» **Task details**
Look through the material below and copy exactly the lines from the line with "This is the" to the line with "Dantel Nakışlı El Süslemeli Örgü Hırka", those two lines included.

» **Material provided**

---

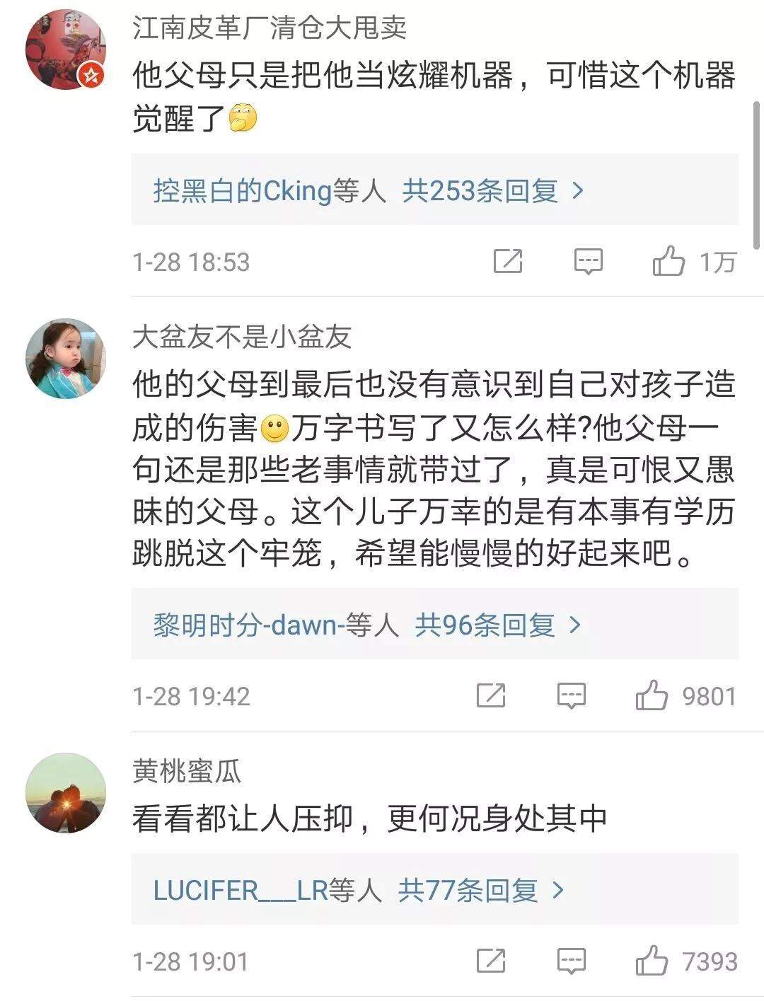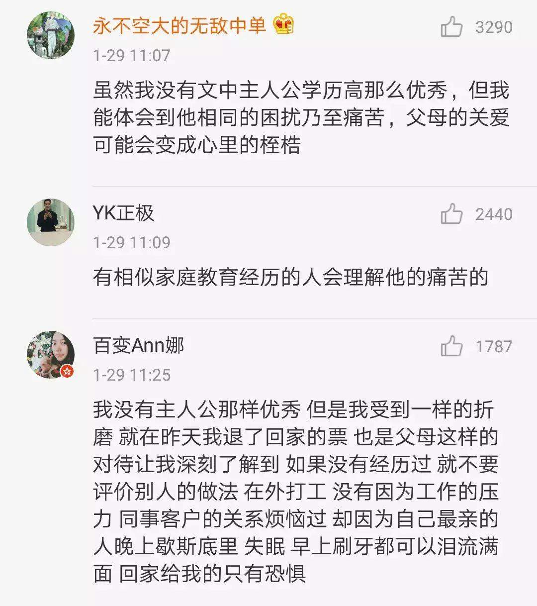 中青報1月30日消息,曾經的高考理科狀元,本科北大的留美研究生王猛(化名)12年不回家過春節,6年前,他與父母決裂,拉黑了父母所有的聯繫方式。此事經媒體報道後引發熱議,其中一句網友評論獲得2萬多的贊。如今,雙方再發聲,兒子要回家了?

---

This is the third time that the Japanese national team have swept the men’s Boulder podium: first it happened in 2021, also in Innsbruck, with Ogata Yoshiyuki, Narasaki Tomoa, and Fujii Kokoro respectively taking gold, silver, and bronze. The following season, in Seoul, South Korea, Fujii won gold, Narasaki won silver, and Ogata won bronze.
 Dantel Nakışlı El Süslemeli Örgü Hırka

---

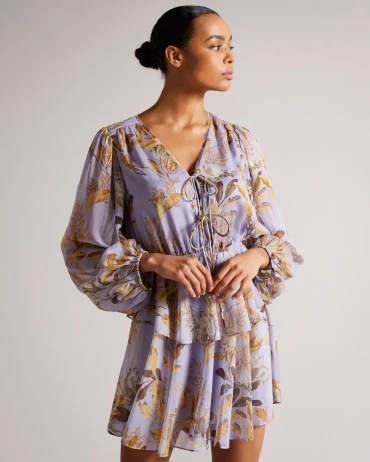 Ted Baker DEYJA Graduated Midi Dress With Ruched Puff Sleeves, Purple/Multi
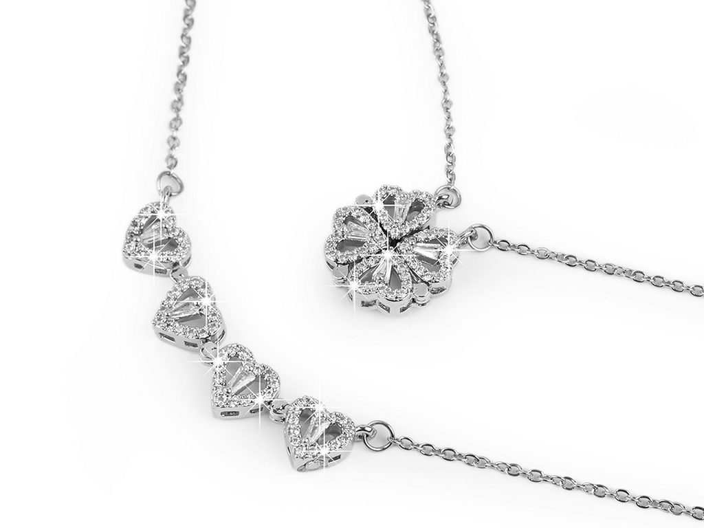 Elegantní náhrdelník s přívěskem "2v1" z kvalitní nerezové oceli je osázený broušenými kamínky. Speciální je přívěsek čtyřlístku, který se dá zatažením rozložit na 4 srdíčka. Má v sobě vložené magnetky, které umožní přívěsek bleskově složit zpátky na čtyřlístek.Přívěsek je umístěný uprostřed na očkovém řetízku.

---

» **Your response**
This is the third time that the Japanese national team have swept the men’s Boulder podium: first it happened in 2021, also in Innsbruck, with Ogata Yoshiyuki, Narasaki Tomoa, and Fujii Kokoro respectively taking gold, silver, and bronze. The following season, in Seoul, South Korea, Fujii won gold, Narasaki won silver, and Ogata won bronze.
 Dantel Nakışlı El Süslemeli Örgü Hırka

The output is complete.